* To do
Once you find the line containing "Fig. 2 Average" in the data below, copy it and each following line exactly, up to and including the line containing "Figure 8: Mute Function in Action", and nothing else.

* Given entries
------------------------------------------------------------------------

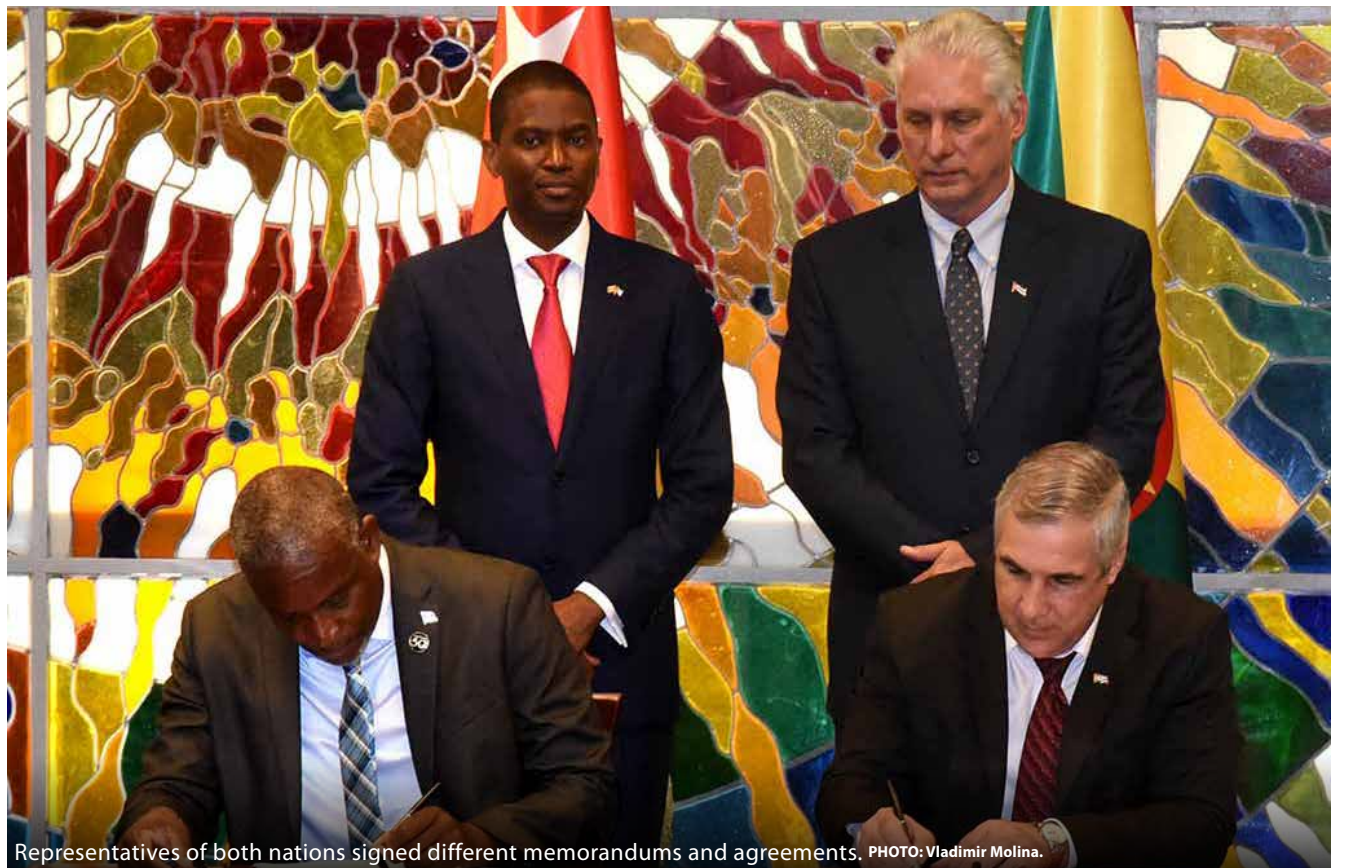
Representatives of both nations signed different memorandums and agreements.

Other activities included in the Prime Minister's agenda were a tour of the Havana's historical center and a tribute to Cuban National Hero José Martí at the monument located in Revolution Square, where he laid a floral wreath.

------------------------------------------------------------------------

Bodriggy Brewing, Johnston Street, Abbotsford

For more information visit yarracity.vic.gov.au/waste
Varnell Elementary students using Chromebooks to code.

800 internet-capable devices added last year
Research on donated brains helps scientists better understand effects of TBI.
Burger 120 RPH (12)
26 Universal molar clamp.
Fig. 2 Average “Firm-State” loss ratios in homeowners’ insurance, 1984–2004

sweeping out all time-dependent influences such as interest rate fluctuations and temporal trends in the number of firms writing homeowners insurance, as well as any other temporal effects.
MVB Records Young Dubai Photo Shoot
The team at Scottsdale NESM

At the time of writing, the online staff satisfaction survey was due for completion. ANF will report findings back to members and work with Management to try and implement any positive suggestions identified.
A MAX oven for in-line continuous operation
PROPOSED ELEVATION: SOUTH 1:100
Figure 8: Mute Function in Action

------------------------------------------------------------------------

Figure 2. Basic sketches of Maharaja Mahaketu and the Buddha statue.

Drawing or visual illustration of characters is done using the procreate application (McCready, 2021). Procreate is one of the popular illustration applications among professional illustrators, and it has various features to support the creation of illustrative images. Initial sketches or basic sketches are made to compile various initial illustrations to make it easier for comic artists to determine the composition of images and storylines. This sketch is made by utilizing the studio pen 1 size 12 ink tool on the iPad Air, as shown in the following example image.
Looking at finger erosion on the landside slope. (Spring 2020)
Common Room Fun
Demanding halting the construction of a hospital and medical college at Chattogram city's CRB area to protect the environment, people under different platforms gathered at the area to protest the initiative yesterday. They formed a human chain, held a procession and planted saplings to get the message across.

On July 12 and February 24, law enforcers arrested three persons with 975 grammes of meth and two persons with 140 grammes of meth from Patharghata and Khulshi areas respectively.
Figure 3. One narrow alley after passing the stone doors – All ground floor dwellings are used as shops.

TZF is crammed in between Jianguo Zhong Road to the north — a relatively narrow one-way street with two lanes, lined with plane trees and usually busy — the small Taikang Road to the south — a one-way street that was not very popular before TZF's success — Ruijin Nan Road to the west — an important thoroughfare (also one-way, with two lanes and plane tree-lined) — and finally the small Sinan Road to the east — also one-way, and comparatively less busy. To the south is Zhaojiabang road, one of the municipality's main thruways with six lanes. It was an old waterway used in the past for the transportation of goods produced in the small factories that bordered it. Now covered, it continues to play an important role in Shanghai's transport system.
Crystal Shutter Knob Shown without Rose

------------------------------------------------------------------------

* Your response
Fig. 2 Average “Firm-State” loss ratios in homeowners’ insurance, 1984–2004

sweeping out all time-dependent influences such as interest rate fluctuations and temporal trends in the number of firms writing homeowners insurance, as well as any other temporal effects.
MVB Records Young Dubai Photo Shoot
The team at Scottsdale NESM

At the time of writing, the online staff satisfaction survey was due for completion. ANF will report findings back to members and work with Management to try and implement any positive suggestions identified.
A MAX oven for in-line continuous operation
PROPOSED ELEVATION: SOUTH 1:100
Figure 8: Mute Function in Action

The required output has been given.